For each round of filling, we can just choose the index as the current number of rooms that have been found so far, starting with ~0~ for the first room. We will also keep track of the area for each room (incrementing it whenever we reach a cell). At the end of filling each room, we record the index of the room associated with its area.

Next, we should determine the initial ranks of the rooms. To do this efficiently, we must first sort the rooms in non-increasing order of size, which can be done in ~\mathcal O(K \log K)~ time. To do this in most languages, we can encapsulate the room data into pairs of ~(\text{area}, \text{index})~ and define a comparator for the sorting function to compare by the sizes rather than the room indices. Finally, their ranks can be computed in ~\mathcal O(K)~ time with a single sweep through them, ensuring that each room ~i~ gets the same rank as the previous room if they're of equal area, or a rank of ~i~ otherwise. When there are only type-1 events, nothing more is required – each event ~i~ can be processed by looking up the index of the room that cell ~(A_i, B_i)~ is part of, and then looking up that room's rank.

However, type-2 events make things trickier, as they can cause various rooms' ranks to change. That being said, there's no need to re-compute the ranks of all rooms – it can be observed that, when a room is eliminated, the only effect is that the ranks of all rooms with strictly smaller sizes decrease by ~1~. Since there are ~\mathcal O(K)~ such rooms each time, processing all ~N~ events has a time complexity of ~\mathcal O(NK)~. Since ~N \le 3000~ and ~K \le \frac{RC}{2}~ (~\frac{RC}{2}~ is as large as ~\frac{1000 \times 1000}{2} = 500\,000~), that yields roughly ~500\,000 \times 3\,000 = 1.5~ billion steps. So, even with this observation, looping over all such rooms and updating their ranks is too slow for full marks.

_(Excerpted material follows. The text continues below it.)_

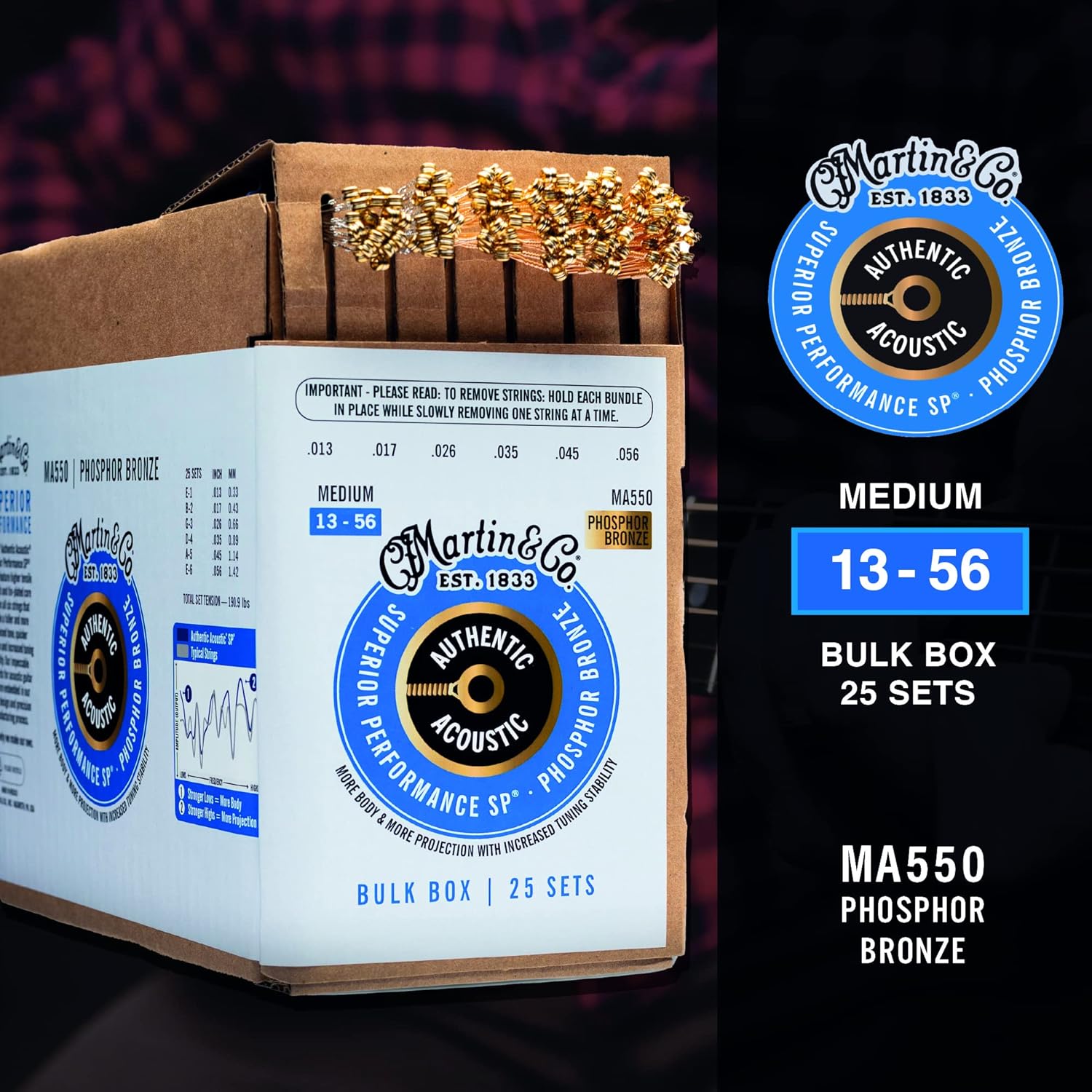 Martin® Authentic Acoustic® Superior Performance SP® strings feature higher tensile strength and tin-plated core wire on all six strings that enable a fuller and more balanced tone, quicker response and increased tuning stability. Our impeccable standards for acoustic guitar tone are embedded in our string design and precision manufacturing process. That's why we make our own.

However, this logic can be rearranged as follows: a room's rank is equal to its initial rank, minus the number of strictly larger rooms which have been eliminated so far. Instead of keeping the ranks of every room up to date, we can instead handle each event by looping over all previous type-2 events and counting the number of larger rooms which were targeted in them (taking care to not double-count rooms which were targeted multiple times). This yields a time complexity of ~\mathcal O(RC+N^2)~. Plugging in the upper bounds for ~R~, ~C~ and ~N~, we are in the ballpark of ~1000 \times 1000 + 3000^2~, or roughly ~10~ million steps, which is acceptable.

Finally, it's worth noting that this problem can be solved even more efficiently, in ~\mathcal O(RC + N \log K)~ time, by using an advanced data structure such as a binary indexed tree to speed up the step of counting previously-eliminated larger rooms from ~\mathcal O(N)~ to ~\mathcal O(\log K)~ running time.